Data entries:
━━━━━━
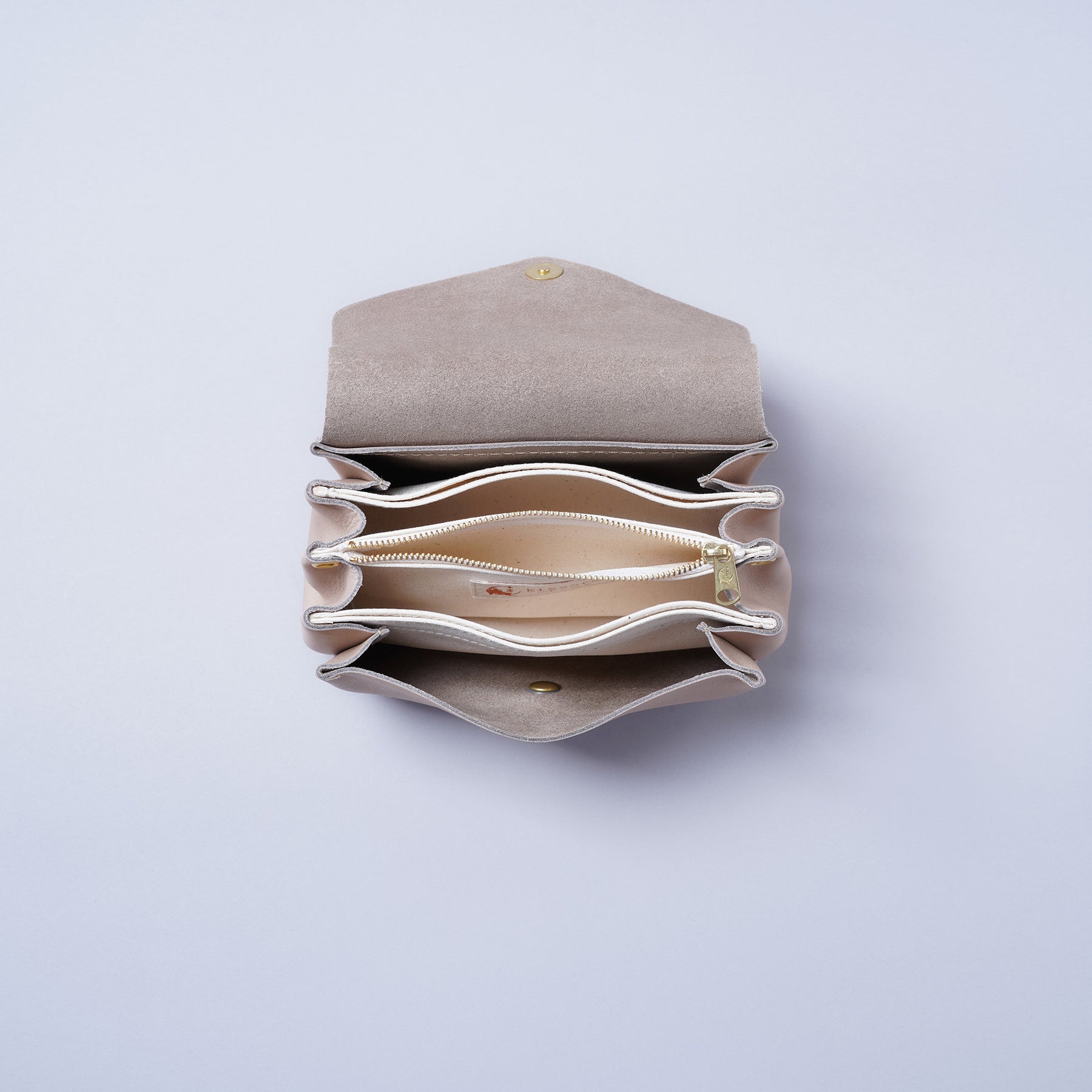 アコーディオンのように仕立てられたマチが特徴的な「エピカ」シリーズのショルダーバッグ
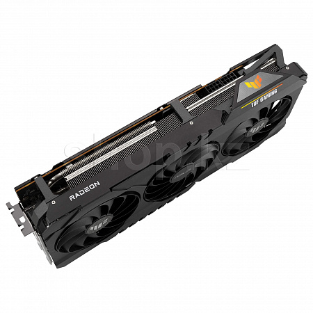 RX 6900 XT TUF Gaming - это стойкий зверь с прочным корпусом, сверхэффективным охлаждением и компонентами, которые обеспечивают повышенную надежность. В кожухе размещены три мощных осевых вентилятора с двойными шариковыми подшипниками и дополнительными лопастями. Под экзоскелетом толстый радиатор удерживает тепловые потоки под жестким контролем, а компоненты TUF, выбранные для максимальной прочности и производительности, позволяют этой карте опережать остальных.
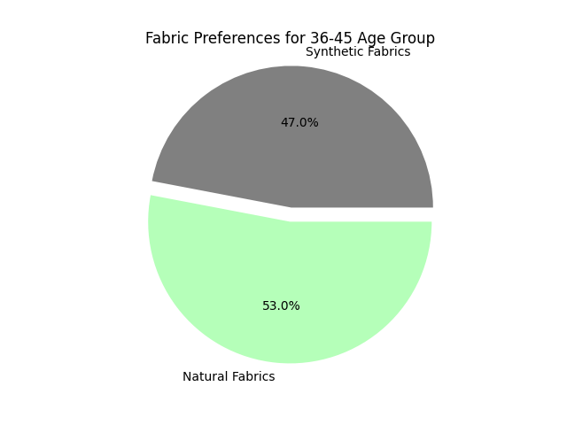 • The 36-45 age group showed a balanced interest in both natural and synthetic fabrics, with 47% valuing the durability of synthetics and 53% opting for natural fabrics for their eco-friendliness.
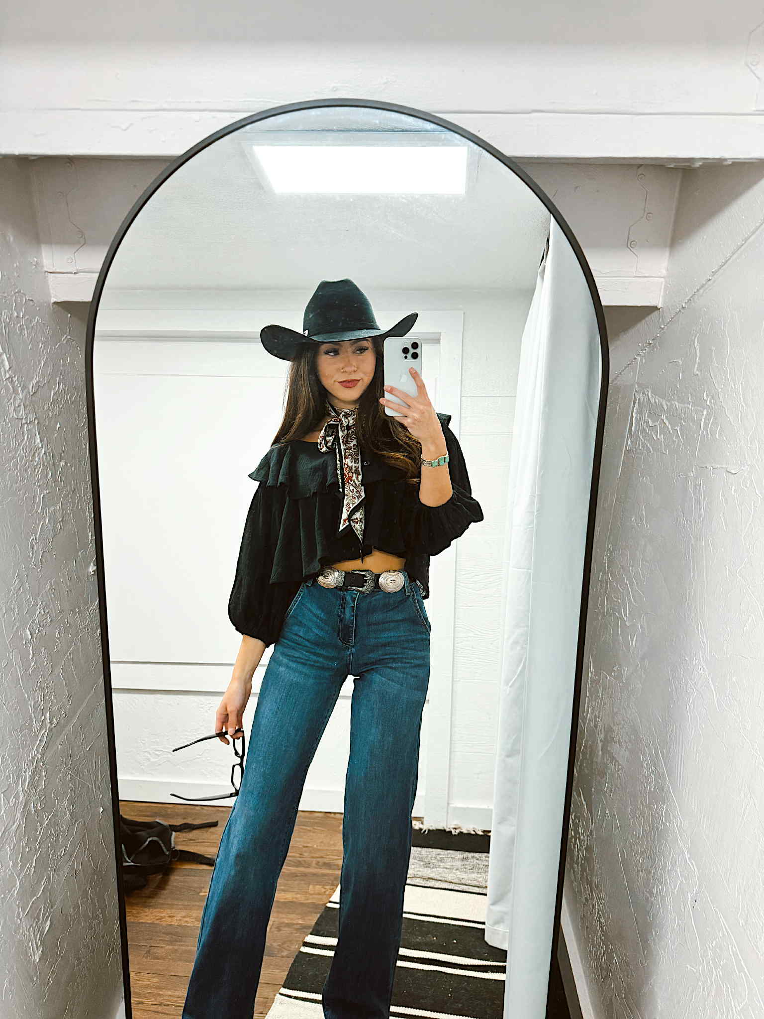 When basic just won’t cut it 🖤 This cropped black blouse brings all the flair with dramatic ruffle detail and voluminous sleeves. Light, airy, and effortlessly glam—she’s ready for anything from date night to girls’ night.
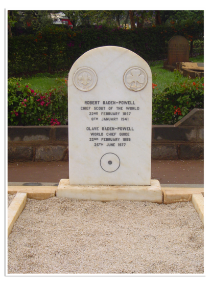 Op het graf van Baden-Powell en zijn vrouw zijn, naast het scouts- en het gidsenlogo, ook twee concentrische cirkels te zien. Die verwijzen naar het door scouts gebruikte sporensysteem om te navigeren. Dit teken heeft als betekenis ‘Going home', vrij vertaald: Ik keer terug naar huis.
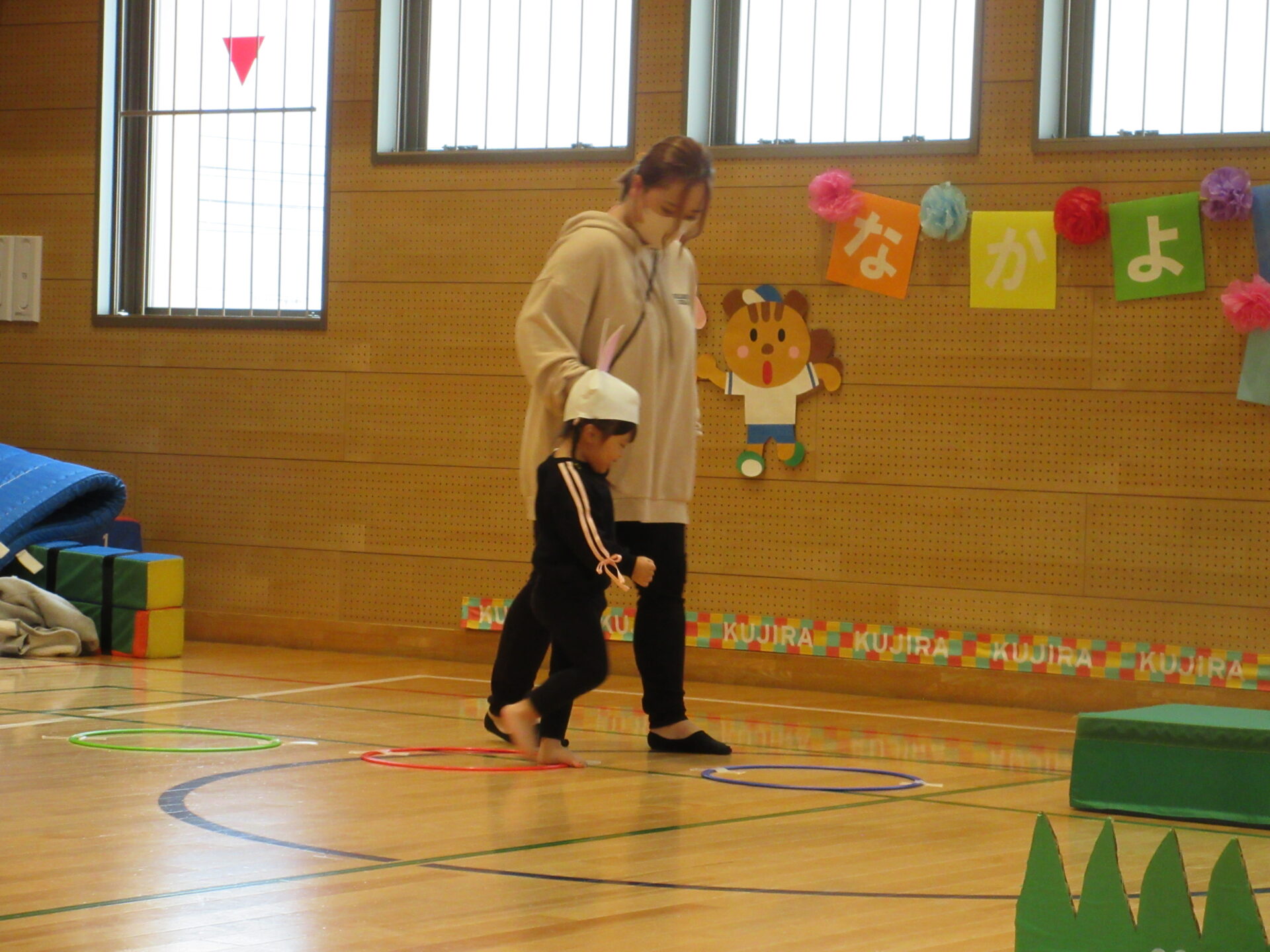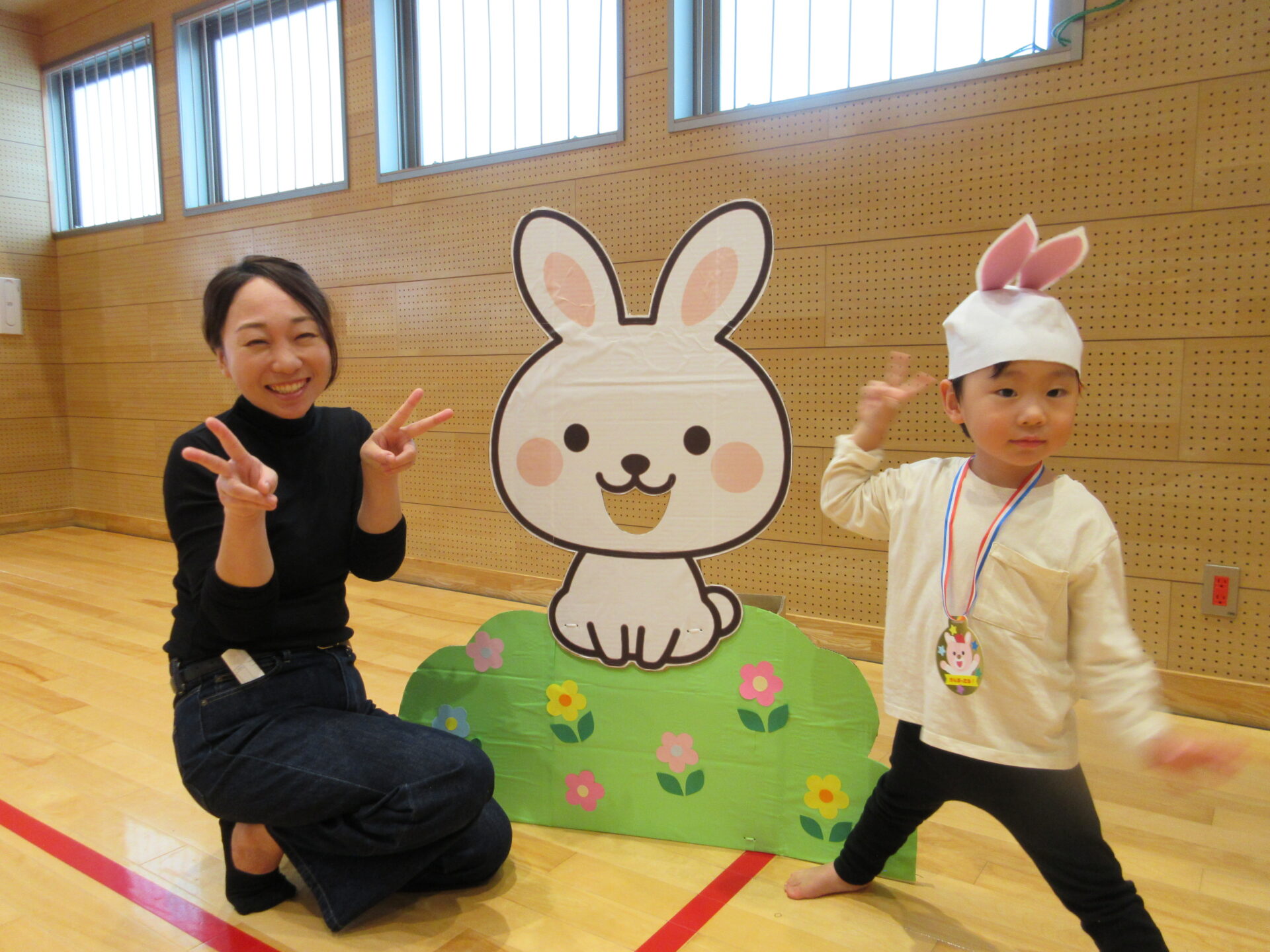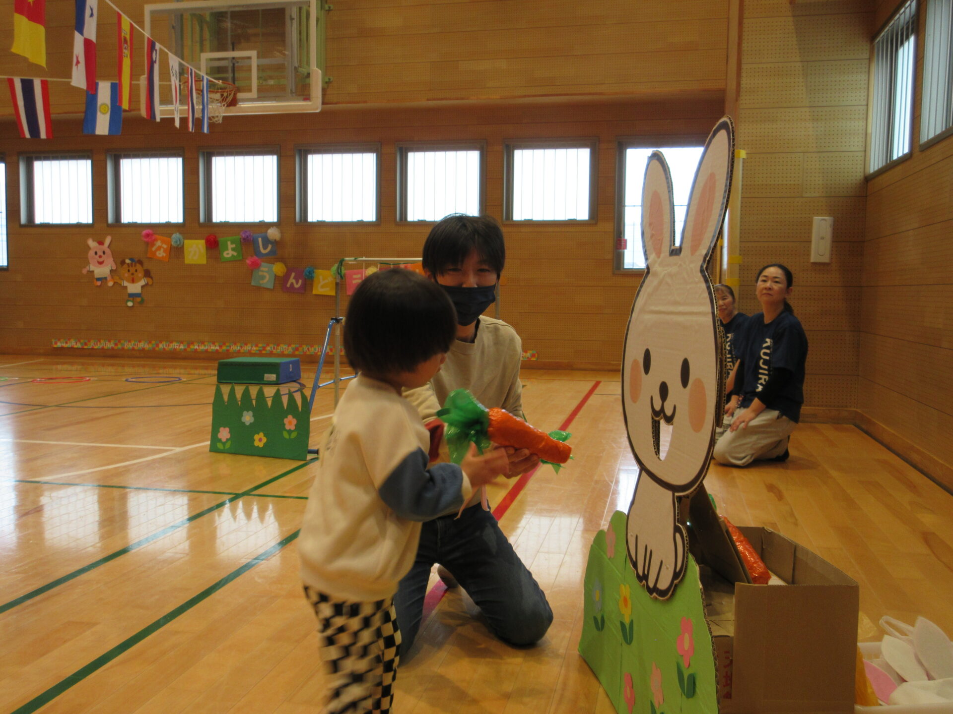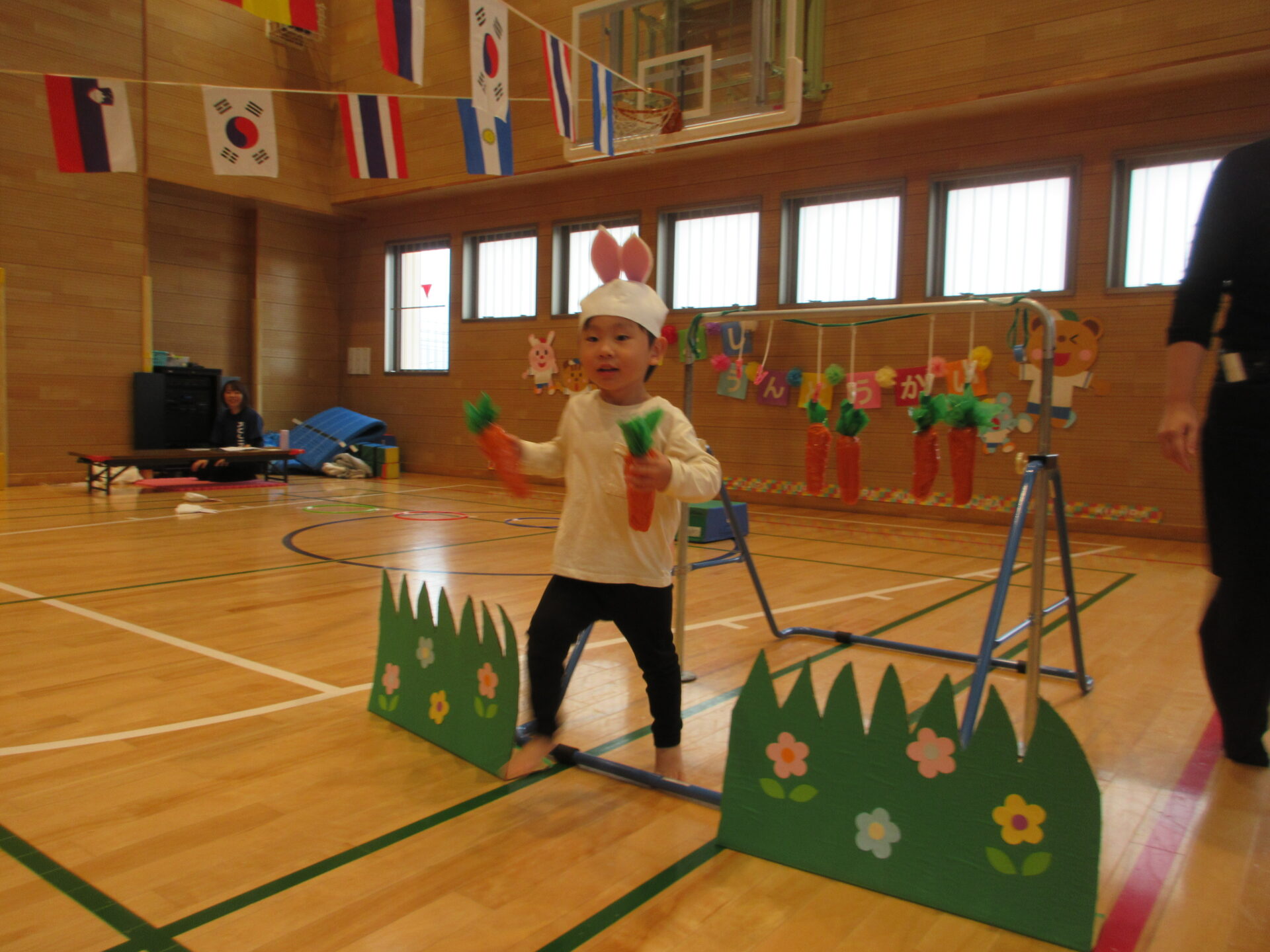 体を動かすことが大好きなまんぼう組さん。うさぎに変身して、大好きな人参をゲットしに行きます。
━━━━━━
Your instructions: All that is wanted is an exact copy of the lines from the line bearing "for their eco-friendliness." through the final line of the entries, including both ends but no pictures.

Final answer:
 • The 36-45 age group showed a balanced interest in both natural and synthetic fabrics, with 47% valuing the durability of synthetics and 53% opting for natural fabrics for their eco-friendliness.
 When basic just won’t cut it 🖤 This cropped black blouse brings all the flair with dramatic ruffle detail and voluminous sleeves. Light, airy, and effortlessly glam—she’s ready for anything from date night to girls’ night.
 Op het graf van Baden-Powell en zijn vrouw zijn, naast het scouts- en het gidsenlogo, ook twee concentrische cirkels te zien. Die verwijzen naar het door scouts gebruikte sporensysteem om te navigeren. Dit teken heeft als betekenis ‘Going home', vrij vertaald: Ik keer terug naar huis.
 体を動かすことが大好きなまんぼう組さん。うさぎに変身して、大好きな人参をゲットしに行きます。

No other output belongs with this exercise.